Pourquoi Abdelmadjid Tebboune sera encore président jusqu’en 2029
Une contribution de Hocine-Nasser Bouabsa – Entretenir le suspense jusqu’à la dernière minute. Bouteflika l’a déjà fait quatre fois avant lui. «Pourquoi Tebboune ne le ferait-il pas une fois ?» devraient penser les conseillers de ce dernier à propos de l’annonce de sa candidature aux élections présidentielles anticipées. «Vous voulez savoir si je me présenterai ? Alors je ne vais pas répondre. Avant l’heure, ce n’est pas l’heure», ainsi répondait, non sans une pointe ironique, Abdelmadjid Tebboune lors de l’interview accordée tout récemment à ALG24 News et au quotidien El-Moudjahid. Une réponse purement rhétorique pour englober de suspense un secret qui ne l’est pas. Car, sauf miracle divin ou empêchement majeur, Tebboune sera bien président de l’Algérie jusqu’à septembre 2029. Cette affirmation n’est pas le résultat d’une spéculation philosophique, mais celui de l’analyse d’une série d’événements, d’annonces de la Présidence et d’actions du Président. Explications.

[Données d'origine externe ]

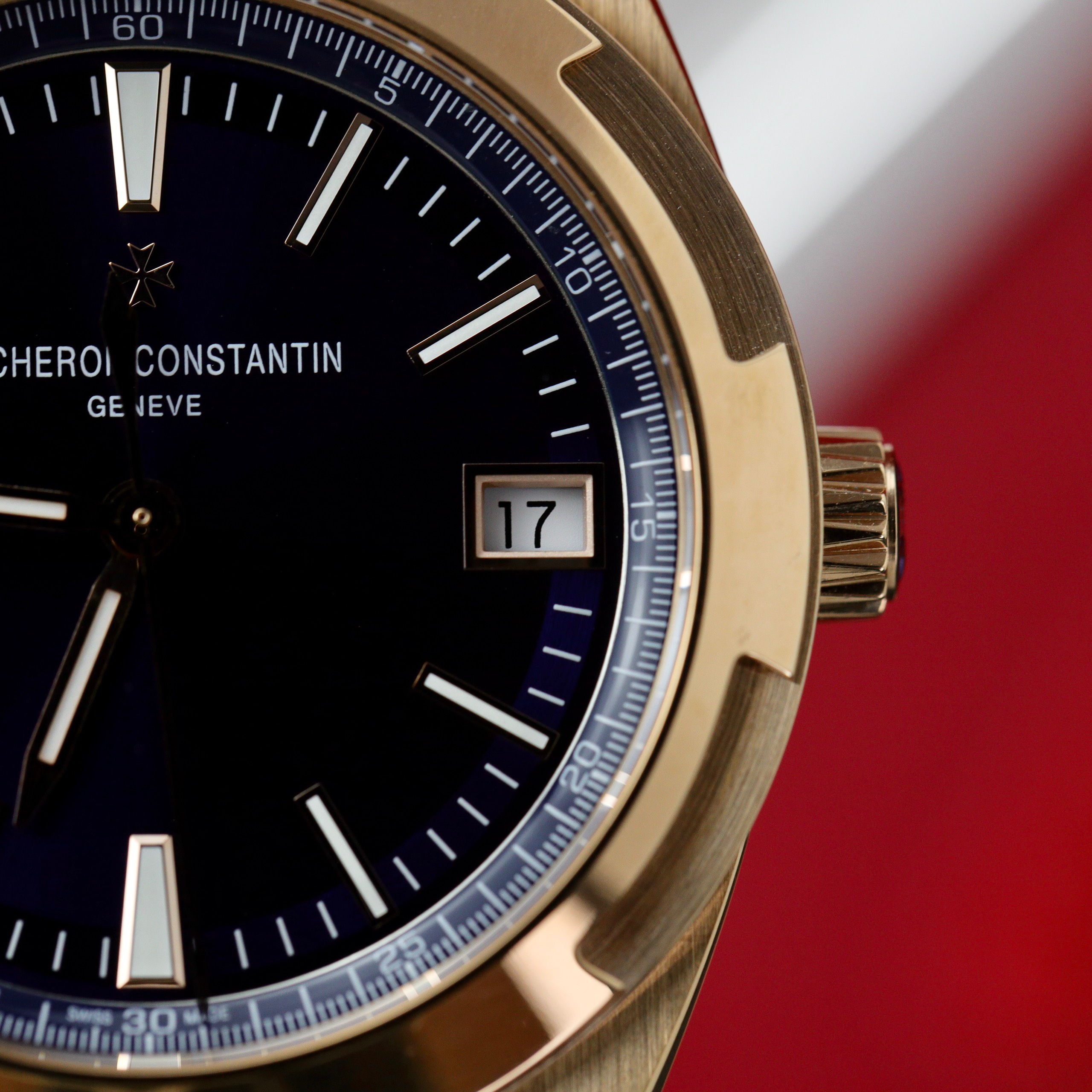 Featuring a meticulously crafted round case made of gold-plated steel, the Vacheron Constantin Overseas 4500V shines with an aura of power and elegance, while maintaining its subtle and lightweight appeal.
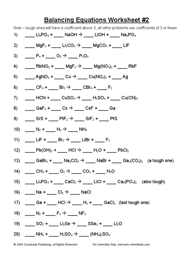 Balancing Equations Practice 2 Worksheet Answer Key Web Balancing Equations Worksheet Part 2 Answer Key · Balancing Requires A Lot Of Practice, Knowledge Of Reactions, Formulae, Valances, Symbols, And Techniques. The printable worksheets are provided in pdf format with separate answer keys. In the midst of them is this. (coefficients equal to one (1) do not need to be shown in your answers).
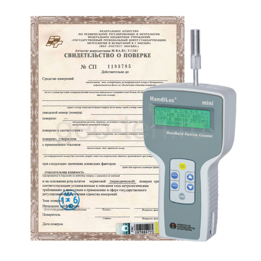 Поверка счетчиков частиц проводится каждый год для приборов, внесенных в Госреестр СИ и использующихся для измерений в сфере ГРОЕИ. Поверка должна производиться в установленные сроки в строгом соответствии с утвержденной документацией для данного типа измерителей. Тем самым обеспечивается контроль соответствия метрологической исправности.
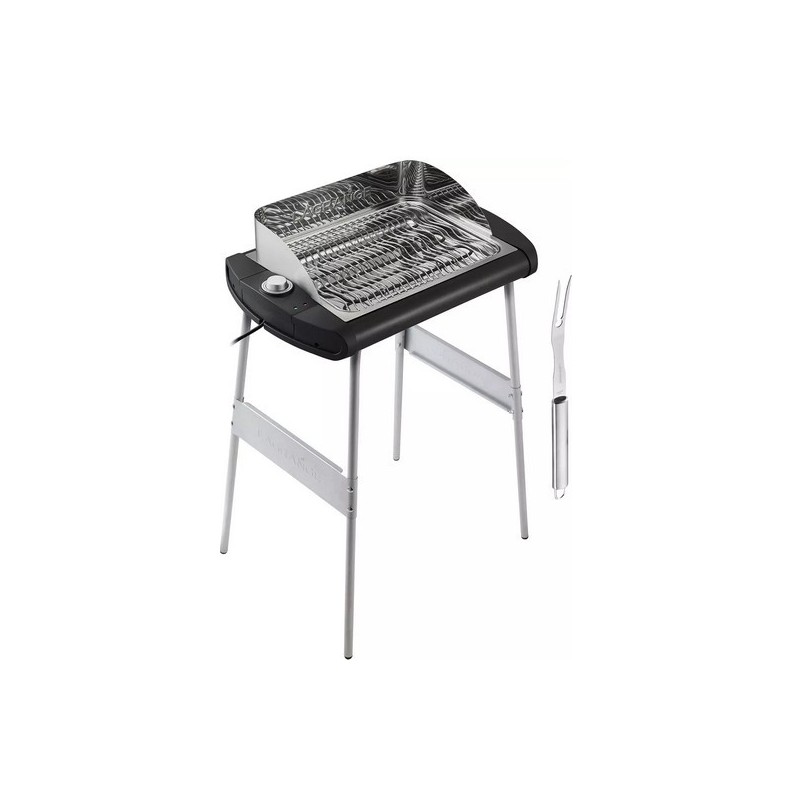 Cuisine saine et diététique : grille innovante permettant de cuire des aliments fragiles ou de petite taille (légumes, poissons…) sans qu’ils ne passent à travers la grille. Pied en acier laqué. Gand pare-vent en acier inoxydable: 9 cm de hauteur. Puissance: 2300 Watts. Barbecue entièrement démontable : bac, grille de cuisson et pare-vent qui passent au lave-vaisselle. Voyant de contrôle de fonctionnement. Large grille de cuisson : 40 x 28 cm. Hauteur de la surface de cuisson: 80 cm. Bac à réserve d’eau en acier inoxydable. - Pic à viande en acier inoxydable inclus. Dimensions: 58 x 38.5 x 9 cm.
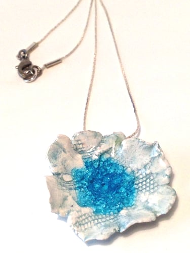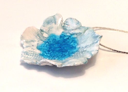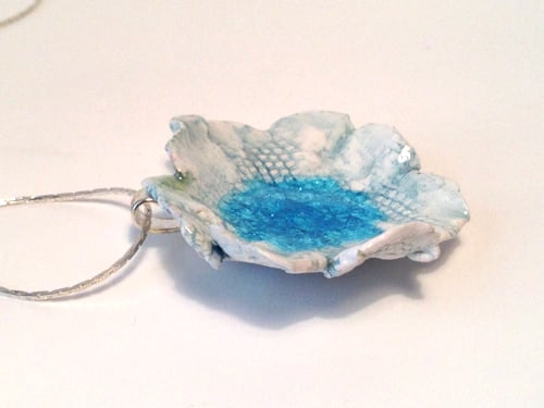 A textural porcelain necklace hand shaped with love and fired twice with sky blue glaze and glass.
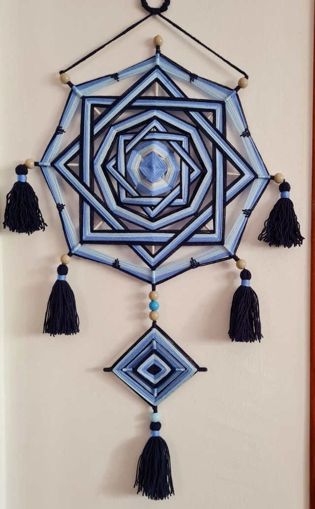 В цій статті особливу увагу приділимо мандалам з ниток. Це обʼємний візерунок, який створюється шляхом намотування ниток на основу (наприклад, палички або кільце).
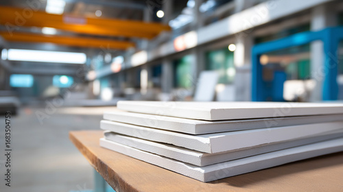 Gypsum Drywall Sheets Stacked in Modern Warehouse Ready for New Home Project with Clean Edges and Labels Highlighting Industrial Material Preparation and Storage Organization
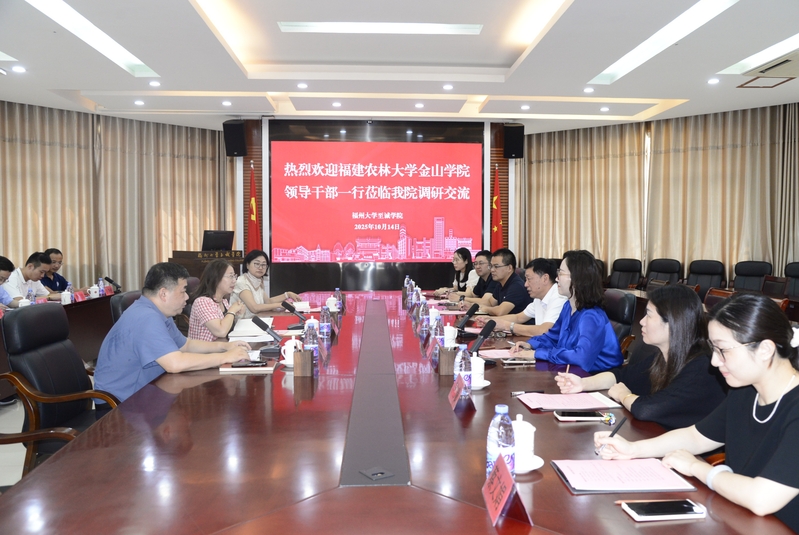 10月14日上午,福建农林大学金山学院一行来院调研交流。学院党委常务副书记何小红、院长侯琳熙、院长助理邵艳群在行政楼一楼会议室会见来宾并举行座谈。福建农林大学金山学院党委常务副书记陈毅,党委委员、副院长(主持工作)坚瑞出席座谈会。
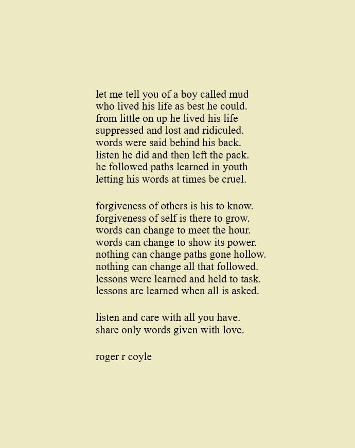 Some call me son, brother, godfather, cousin, uncle, writer, author, veteran, and friend. That may be true, but mostly I am me - a unique human being who has run the race of life through many different forests, down many roaring rivers and along some tangled paths. All in all it has been a good journey of growth and expansion of self. I am a lover of family, animals, food, laughs, poetry, books, compassionate people and chasing the light. My first journey into writing is Quiet Thoughts: Written Reflections. It is a book of poems and reflections - a small flicker of light into my life journey. I currently reside in Emmaus, PA and enjoy all that the Lehigh Valley has to offer. View all posts by rogerrcoyle
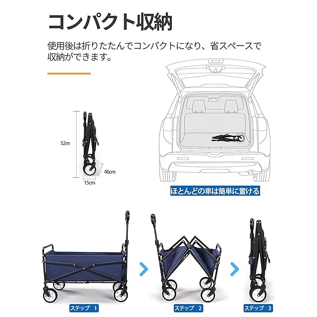 持ち運びに便利なデザイン:キャリーワゴンは、組み立て不要で、すぐに使用できる便利なアイテムです。軽く引っ張るだけで簡単に折りたためるため、持ち運びにも便利です。買い物や旅行にぴったりで、荷物を楽に運ぶことができ、時間と労力を節約できます。使い方もシンプルで、荷物を積み込んで移動するだけで、日常生活がより快適になります
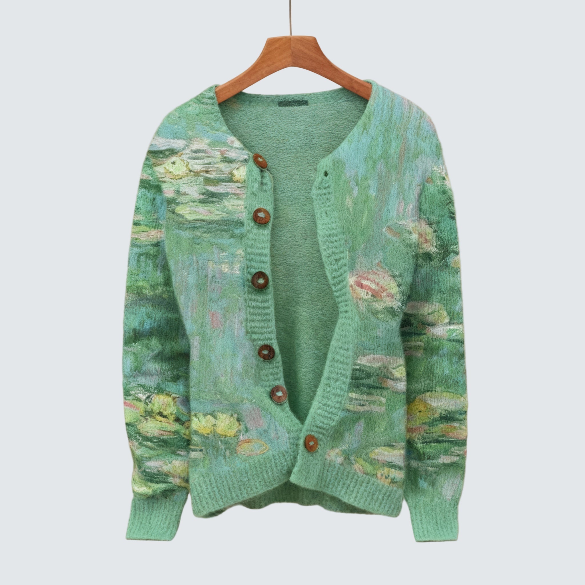 Anwen – Zelený svetr je módní kousek, který spojuje krásu inspirovanou přírodou s pohodlím každodenního nošení. Klidné zelené pozadí svetru a malebné detaily evokují klid vodní zahrady a přinášejí jedinečný prvek do vašeho šatníku. Měkký pletený povrch a dřevěné knoflíky dodávají vrstvenému oblečení decentní eleganci. Ať už chcete oživit každodenní outfit, nebo hledáte něco krásného na rychlé oblečení, tento svetr udělá z každého okamžiku něco zvláštního. Bezstarostně umělecký a duši uklidňující – to je ten kousek, který přitahuje pohledy.
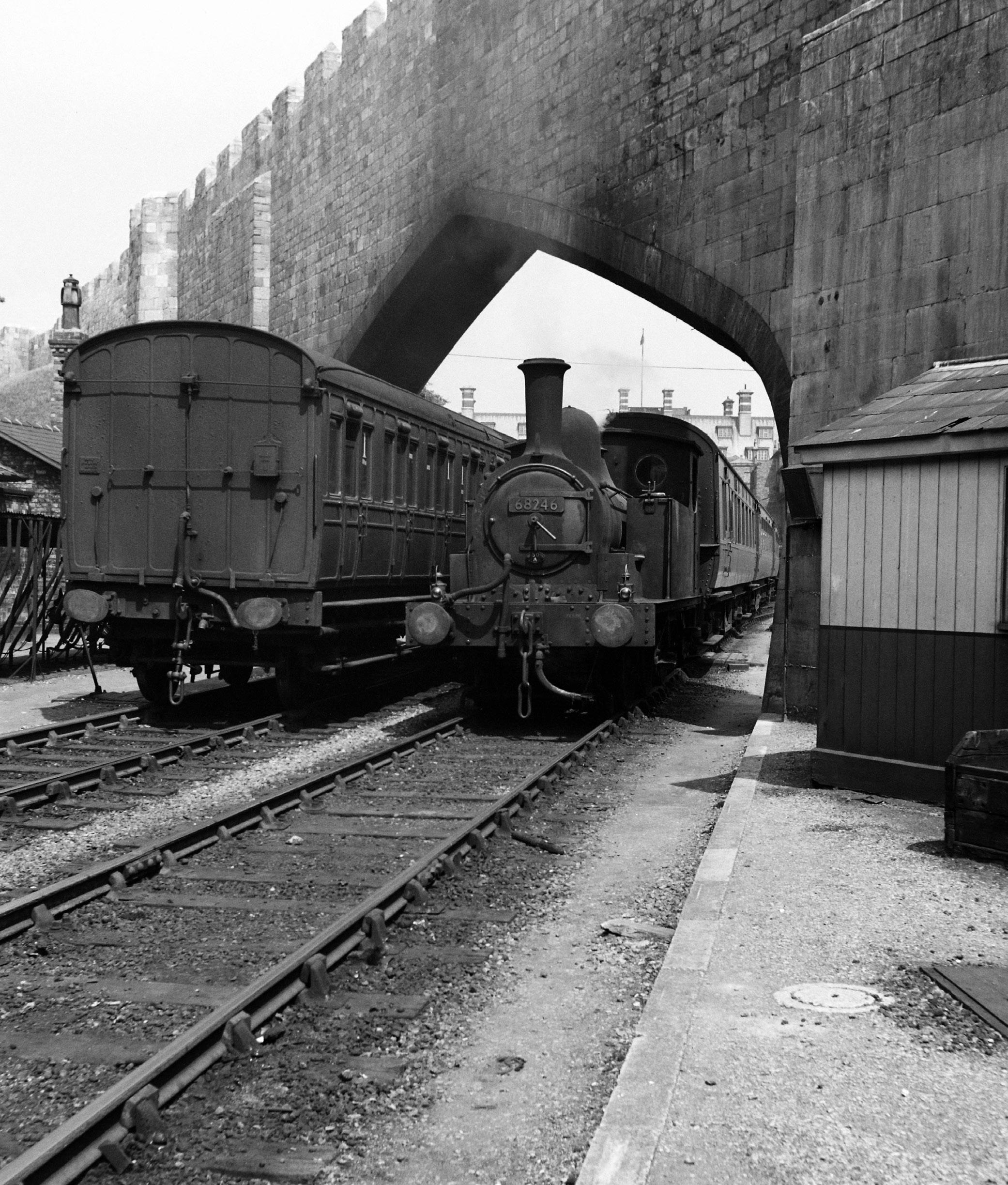 Controversially, Hudson wanted to bring the Y&NMR into the heart of the city which meant breaching the ancient city walls, but in such a way as to reinstate the sacrosanct walkway along the crest of the wall. A plan by G.T. Andrews was accepted which sympathetically inserted a Tudor-style archway allowing a two-track approach to the station throat. Posed under the arch whilst shunting carriage stock on 16 June 1951 is long-term York resident Class J71 0-6-0T No. 68246, a veteran from July 1889 and regularly seen on pilot and shunting duties in the immediate area. The loco was occasionally loaned out with other members of the class to the Easingwold Railway when it was temporarily bereft of its single loco and also on one occasion powered an RCTS open wagon special along the line on 23rd June 1957. No. 68246 lasted at York until withdrawn in November 1958. AF0246

Si Biden est candidat, pourquoi pas Tebboune ?
Joe Biden n’est-il pas âgé de 81 ans ? N’est-il pas un peu sénile ? N’est-il pas souvent flageolant ? Et pourtant, il est candidat à la présidence des Etats-Unis d’Amérique avec leur gigantesque arsenal atomique dont seul un président en possession de toutes ses facultés est supposé en avoir les commandes. Ce qui est valable pour l’unique superpuissance du monde devrait l’être davantage pour un pays en voie de développement, d’autant plus que, mentalement, le Président algérien se porte beaucoup mieux que l’Etatsunien. C’est probablement par ces contre-questions ou remarques que rétorquerait l’entourage de l’actuel locataire d’El-Mouradia, à celui qui oserait mentionner l’âge de Tebboune – il est âgé «seulement» de 78 ans – pour mettre en doute son aptitude à gouverner l’Algérie pendant encore cinq ans.
Cet entourage soulignerait certainement aussi sa «grande maîtrise intellectuelle», son «alacrité» et sa «capacité de jugement», comme l’a fait en 2015, à propos de Bouteflika, l’ex-président français, François Hollande qui, avec l’hypocrisie légendaire des apparatchiks de la secte énarque française, ajouta : «Il a toutes les capacités pour apporter sa sagesse et son jugement pour régler les crises du monde.»
Macron a voté Tebboune
La question de l’âge étant réglée, théoriquement, rien ni personne ne pourrait empêcher Tebboune – s’il le veut – d’être candidat à sa propre succession. Et, puisque qu’il le veut, il le sera. D’autant plus que son «ami» Macron l’attend «fin septembre, début octobre» à Paris. C’est ce qu’annonçaient, lundi 11 mars 2024, les services de communication d’El-Mouradia et de l’Elysée, à l’issue d’un entretien téléphonique entre les deux présidents. Par suite de cette annonce, beaucoup d’Algériens se sont posé la question sur l’opportunité d’une telle visite, trois mois avant les élections présidentielles, programmées auparavant en décembre.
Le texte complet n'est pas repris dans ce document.